PEP requires that an alien already have a prior criminal conviction on record before ICE can take any action. This means that under PEP, ICE generally ignores illegal aliens until they have been convicted of a crime, regardless of whether or how many times they have been arrested. In doing so, the Obama Administration not only puts public safety at risk, but makes the alien’s immigration offense inconsequential.
Adding to this public safety threat, the program requires ICE to ignore illegal aliens who:
- Had been deported before January 1, 2014;
- Were convicted of identity theft, immigration fraud, drug possession, or crimes related to unlawfully residing in the United States; OR
- Meet a long list of vaguely-defined “humanitarian” concerns, including if they have family members in the United States, ties to the community, or health issues.
Further, ICE agents must get the approval of their Field Office Director in order to remove any illegal alien not in these three categories.
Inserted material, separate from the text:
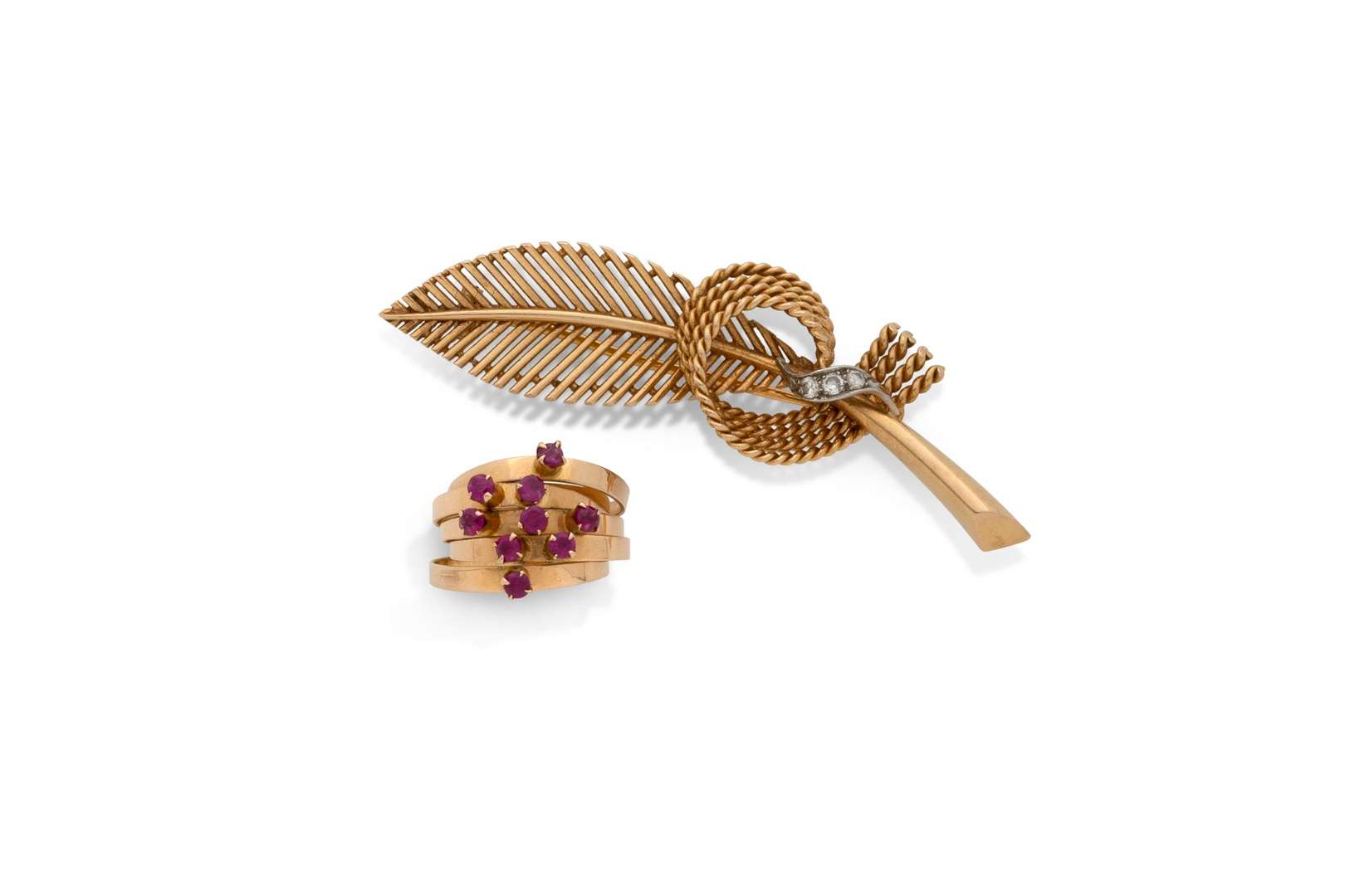 - Broche "Feuille", diamants et or 18k (750). Travail français. H. : 7cm env. - Pb. : 11.2 gr

Significantly, PEP also makes it harder for ICE to take custody of criminal aliens through the use of detainers, which allow ICE officers to request information or custody of aliens currently in state and local jails and prisons.
Why is PEP bad policy?
PEP Threatens Public Safety
In 2016, ICE estimates that approximately 2.1 million criminal aliens are living in the United States, over 1.9 million of which are removable from the country. PEP allows criminal aliens who are already in law enforcement custody and identified as deportable by ICE to be released back onto the streets to commit additional crimes, creating more victims and putting the public at risk. In 2015, ICE reported releasing nearly 20,000 criminal aliens with more than 64,000 convictions. These convictions included more than 12,000 DUIs, nearly 2,000 cases of assault, over 200 kidnappings, and more than 200 homicides.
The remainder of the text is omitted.